Enterprise software giant Salesforce has introduced two compact AI models, the 1-billion and 7-billion parameter xLAM models, which have notably challenged the prevalent “bigger is better” approach in artificial intelligence. Despite their smaller size, these models surpass many more extensive models on function-calling tasks, a process where AI interprets and translates natural language requests into specific function calls or API requests. Examples of such tasks include query processing in travel booking, real-time language translation, and customer relationship management (CRM).
The Salesforce team demonstrates that the performance of these compact models, trained with their precisely curated datasets, reaches state-of-the-art levels on the Berkeley Function-Calling Benchmark, even outperforming several GPT-4 instances. The 1-billion parameter model (xLAM-1B), colloquially known as the “Tiny Giant,” shows exceptional performance, surpassing Claude-3 Haiku and GPT-3.5-Turbo. The 7-billion parameter model (xLAM-7B) ranked 6th on the Function-Calling Leaderboard, beating GPT-4 and Gemini-1.5-Pro.
These successes become more significant when comparing the model sizes against their competitors: xLAM-1B has 1 billion parameters, xLAM-7B has 7 billion parameters, whereas GPT-3 has 175 billion parameters, GPT-4 has an estimated 1.7 trillion parameters. Claude-3 Opus and Gemini Ultra also sport an undisclosed, likely hundreds of billions of parameters. These results underscore that a well-designed model and high-quality training data can outperform size.
Salesforce has utilized an innovative training technique for creating datasets for function-calling tasks. Named APIGen, this pipeline creates diverse, high-quality function-calling datasets by sampling from a vast library of 3,673 executable APIs across 21 categories. The technique provides the AI with a plethora of realistic scenarios to learn from.

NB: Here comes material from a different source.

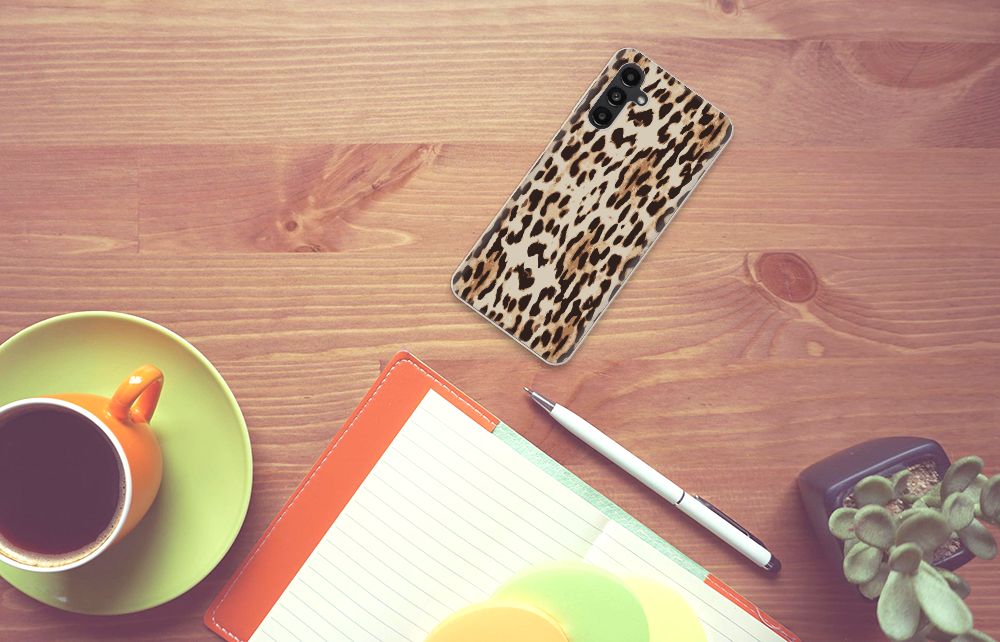 Het luipaard wordt ook wel een panter genoemd. De bruingele vacht met een patroon van rozetachtige vlekken geeft een hele goede schutkleur. Dit zie je ook op een fraaie manier afgebeeld op dit super stoere hoesje met luipaardprint. Mensen die indruk willen maken kopen deze tpu case met Leopard print. Een Samsung Galaxy A13 | A04s TPU Hoesje is erg flexibel en stevig. Het is praktisch – door het elastische materiaal neem je de telefoon makkelijk met je mee – en beschermt jouw smartphone aan de achterzijde en zijkanten zeer goed. Het luipaard is sterk en behendig en wellicht typeert jou dat ook wel. Dan past dit hoesje met luipaard perfect bij jou. De houder van TPU is minstens zo sterk als het luipaard. Jouw telefoon is zeer goed beschermd. De case heeft alle uitsparingen die nodig zijn. De randen blijven transparant. Enkele de bovenzijde wordt bedrukt met luipaardprint.

The potential applications of the xLAM models are vast. Salesforce can utilize them to enhance the customer relationship management (CRM) systems they develop. They can add advanced features to digital assistants, create more intelligent interfaces for smart home devices, streamline AI processing for autonomous vehicles, and facilitate real-time language translation on edge devices.
These models encourage revisiting and refining conventional AI training approaches and architecture. Salesforce CEO, Marc Benioff, explains that the impressive performance of “Tiny Giant” showcases the potential for “on-device agentic AI.” This refers to AI models so compact and efficient that they can operate on smartphones and Internet of Things (IoT) devices directly, without needing to connect to larger, more potent computing resources elsewhere.
Although Salesforce’s efforts challenge the increasingly larger AI models’ trend, the future of AI will likely include both bigger and smaller ones. What matters more is designing smarter, more efficient models capable of bringing sophisticated features to a broader range of devices and applications. Salesforce’s successful experiment with the impressive xLAM-1B and 7B suggests that the size of AI models will not remain the only, or primary, measure of their efficiency in the future.